Work to be completed:
Retype exactly every line from the one that includes "Excelente sigilidad: la" through the final line of the listing, both ends kept, and omit the pictures.

Data section:
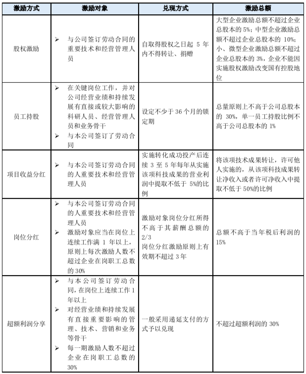 国有科技型企业,是指中国境内具有公司法人资格的国有及国有控股未上市科技企业(含全国中小企业股份转让系统挂牌的国有企业),具体包括:转制院所企业、国家认定的高新技术企业;高等院校和科研院所投资的科技企业和国家和省级认定的科技服务机构。股权激励包括股权奖励、股权出售和股权期权三种形式;分红激励包括项目收益分红和岗位分红两种形式。
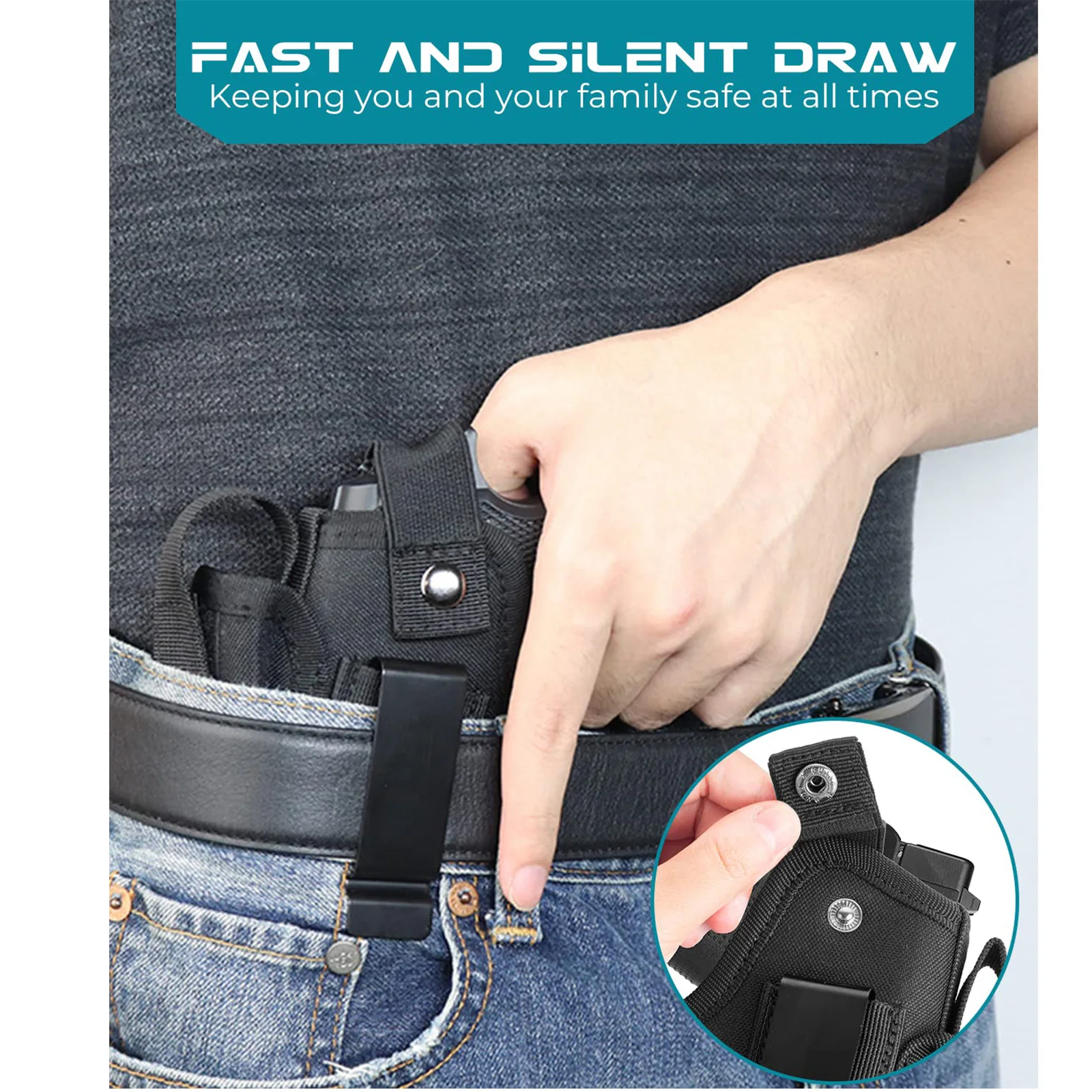 Excelente sigilidad: la funda de la pistola del interior del pantalón es lo suficientemente cómoda para llevarla oculta todos los días y fácil de sacar. Es fácil de esconder cuando llevas camisetas, chaquetas, abrigos, trajes. También se puede utilizar como funda de almacenamiento cuando la coloca en una bolsa, automóvil, gabinete o en la pared. También es ideal para Airsoft.
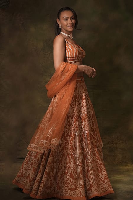 Rust raw silk lehenga featuring hand embroidery and an attached cancan. Paired with a padded blouse and a net dupatta.

Solution to the problem:
 Excelente sigilidad: la funda de la pistola del interior del pantalón es lo suficientemente cómoda para llevarla oculta todos los días y fácil de sacar. Es fácil de esconder cuando llevas camisetas, chaquetas, abrigos, trajes. También se puede utilizar como funda de almacenamiento cuando la coloca en una bolsa, automóvil, gabinete o en la pared. También es ideal para Airsoft.
 Rust raw silk lehenga featuring hand embroidery and an attached cancan. Paired with a padded blouse and a net dupatta.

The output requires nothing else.